WHAT IS REQUIRED ->
Images excepted, the data below must be repeated exactly.

INFORMATION SUPPLIED ->
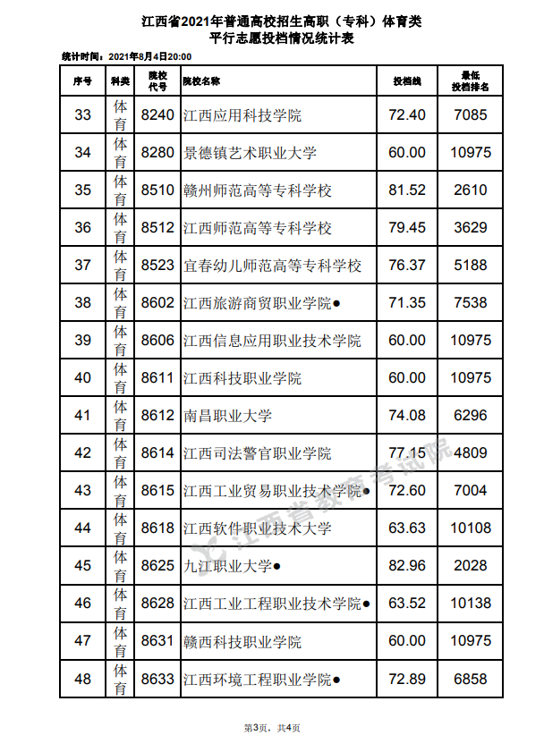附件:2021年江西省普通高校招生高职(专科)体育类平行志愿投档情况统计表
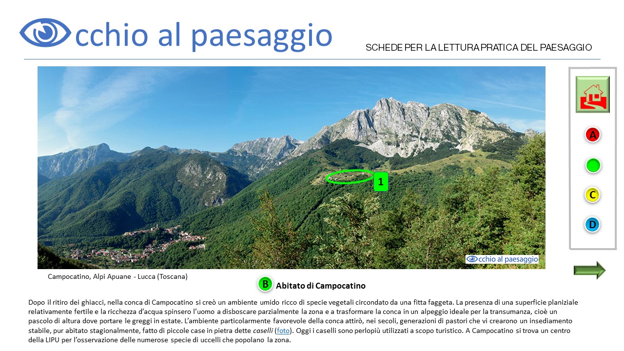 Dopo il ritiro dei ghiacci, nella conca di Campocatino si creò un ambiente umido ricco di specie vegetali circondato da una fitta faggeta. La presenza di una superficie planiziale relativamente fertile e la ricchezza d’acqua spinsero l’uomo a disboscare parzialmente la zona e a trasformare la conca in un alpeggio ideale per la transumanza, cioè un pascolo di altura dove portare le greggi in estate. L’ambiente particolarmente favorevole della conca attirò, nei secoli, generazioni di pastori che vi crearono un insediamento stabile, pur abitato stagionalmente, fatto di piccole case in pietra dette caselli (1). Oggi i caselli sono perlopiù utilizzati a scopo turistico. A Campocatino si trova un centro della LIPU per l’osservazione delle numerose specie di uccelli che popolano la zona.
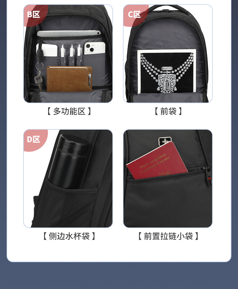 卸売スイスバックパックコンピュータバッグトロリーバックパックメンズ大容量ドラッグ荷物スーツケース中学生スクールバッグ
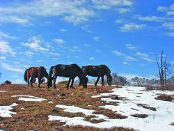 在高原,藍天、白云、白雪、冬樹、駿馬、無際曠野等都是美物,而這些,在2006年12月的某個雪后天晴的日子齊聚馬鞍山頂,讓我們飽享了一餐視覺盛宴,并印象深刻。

RESPONSE FOR THIS EXERCISE ->
附件:2021年江西省普通高校招生高职(专科)体育类平行志愿投档情况统计表
 Dopo il ritiro dei ghiacci, nella conca di Campocatino si creò un ambiente umido ricco di specie vegetali circondato da una fitta faggeta. La presenza di una superficie planiziale relativamente fertile e la ricchezza d’acqua spinsero l’uomo a disboscare parzialmente la zona e a trasformare la conca in un alpeggio ideale per la transumanza, cioè un pascolo di altura dove portare le greggi in estate. L’ambiente particolarmente favorevole della conca attirò, nei secoli, generazioni di pastori che vi crearono un insediamento stabile, pur abitato stagionalmente, fatto di piccole case in pietra dette caselli (1). Oggi i caselli sono perlopiù utilizzati a scopo turistico. A Campocatino si trova un centro della LIPU per l’osservazione delle numerose specie di uccelli che popolano la zona.
 卸売スイスバックパックコンピュータバッグトロリーバックパックメンズ大容量ドラッグ荷物スーツケース中学生スクールバッグ
 在高原,藍天、白云、白雪、冬樹、駿馬、無際曠野等都是美物,而這些,在2006年12月的某個雪后天晴的日子齊聚馬鞍山頂,讓我們飽享了一餐視覺盛宴,并印象深刻。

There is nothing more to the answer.